## ASSIGNMENT:
Drop the pictures; give again exactly the lines from the one holding "브릿지저널 윤나영 기자" through the end of the data.

## INFORMATION PROVIDED:

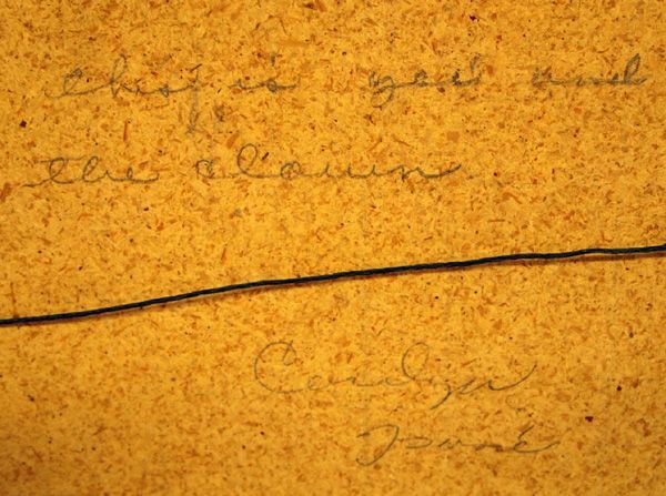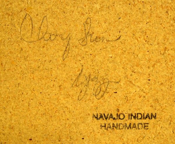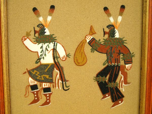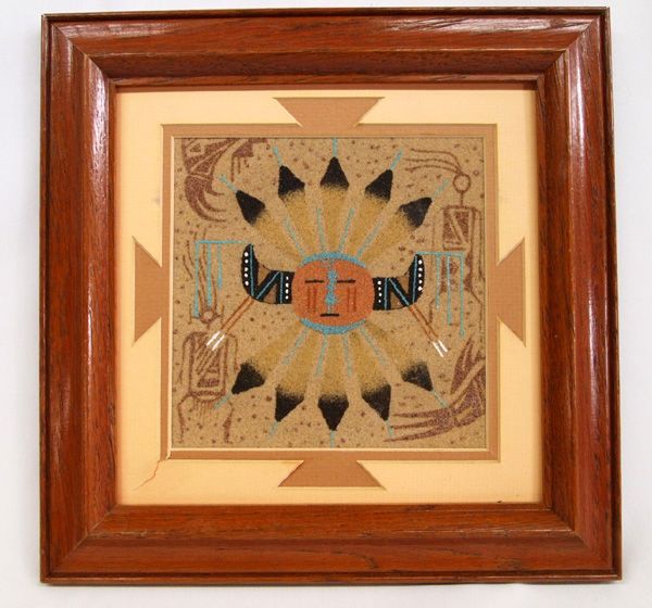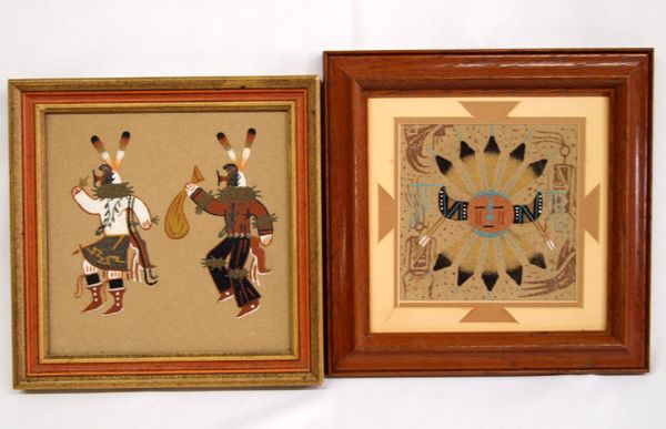 2 Framed Navajo Sand Paintings. One sand painting is of the ''Chiricahua Sun'' and is signed on the back. It has a tear in the outside mat. The other sand painting is of two figures, ''Yei'' and ''Clown''. It is signed on the back by the artist, Carolyn Tsosie. This sand painting is 7'' square.
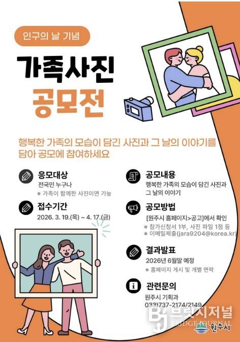 브릿지저널 윤나영 기자 | 원주시는 인구의 날을 기념하여 이야기가 있는 가족사진 공모전을 개최한다.
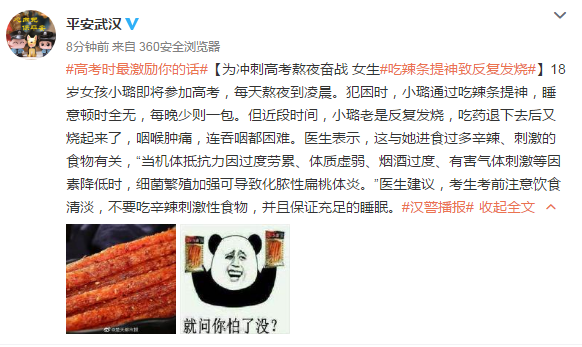 武汉市公安局微博消息:18岁女孩小璐即将参加高考,每天熬夜到凌晨。犯困时,小璐通过吃辣条提神,睡意顿时全无,每晚少则一包。但近段时间,小璐老是反复发烧,吃药退下去后又烧起来了,咽喉肿痛,连吞咽都困难。医生表示,这与她进食过多辛辣、刺激的食物有关,“当机体抵抗力因过度劳累、体质虚弱、烟酒过度、有害气体刺激等因素降低时,细菌繁殖加强可导致化脓性扁桃体炎。”医生建议,考生考前注意饮食清淡,不要吃辛辣刺激性食物,并且保证充足的睡眠。
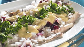 Pil sildene og læg fileterne på et fad. Drys rødbeder, agurker, kapers og løg over.

## ANSWER FOR THIS EXERCISE:
 브릿지저널 윤나영 기자 | 원주시는 인구의 날을 기념하여 이야기가 있는 가족사진 공모전을 개최한다.
 武汉市公安局微博消息:18岁女孩小璐即将参加高考,每天熬夜到凌晨。犯困时,小璐通过吃辣条提神,睡意顿时全无,每晚少则一包。但近段时间,小璐老是反复发烧,吃药退下去后又烧起来了,咽喉肿痛,连吞咽都困难。医生表示,这与她进食过多辛辣、刺激的食物有关,“当机体抵抗力因过度劳累、体质虚弱、烟酒过度、有害气体刺激等因素降低时,细菌繁殖加强可导致化脓性扁桃体炎。”医生建议,考生考前注意饮食清淡,不要吃辛辣刺激性食物,并且保证充足的睡眠。
 Pil sildene og læg fileterne på et fad. Drys rødbeder, agurker, kapers og løg over.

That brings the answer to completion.